Behind every Google Map, there is a much more complex map that's the key to your queries but hidden from your view. The deep map contains the logic of places: their no-left-turns and freeway on-ramps, speed limits and traffic conditions. This is the data that you're drawing from when you ask Google to navigate you from point A to point B -- and last week, Google showed me the internal map and demonstrated how it was built. It's the first time the company has let anyone watch how the project it calls GT, or "Ground Truth," actually works.
Google opened up at a key moment in its evolution. The company began as an online search company that made money almost exclusively from selling ads based on what you were querying for. But then the mobile world exploded. Where you're searching from has become almost as important as what you're searching for. Google responded by creating an operating system, brand, and ecosystem in Android that has become the only significant rival to Apple's iOS.
And for good reason.

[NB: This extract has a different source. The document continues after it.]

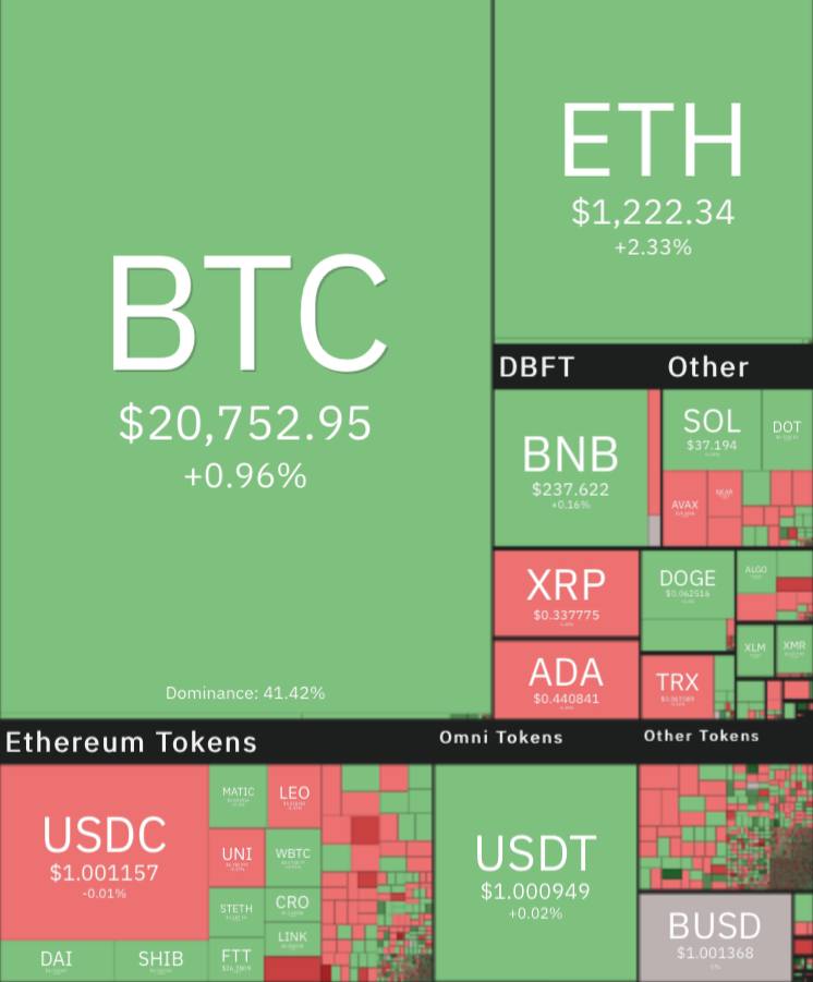 بیت‌کوین با رشد حدود ۱ درصد به قیمت ۲۰ هزار و ۷۵۲ دلار و اتریوم با افزایش بیش از ۲ درصد به قیمت هزار و ۲۲۲ دلار معامله می‌شوند.

If Google's mission is to organize all the world's information, the most important challenge -- far larger than indexing the web -- is to take the world's physical information and make it accessible and useful.
"If you look at the offline world, the real world in which we live, that information is not entirely online," Manik Gupta, the senior product manager for Google Maps, told me. "Increasingly as we go about our lives, we are trying to bridge that gap between what we see in the real world and [the online world], and Maps really plays that part."
This is not just a theoretical concern. Mapping systems matter on phones precisely because they are the interface between the offline and online worlds. If you're at all like me, you use mapping more than any other application except for the communications suite (phone, email, social networks, and text messaging).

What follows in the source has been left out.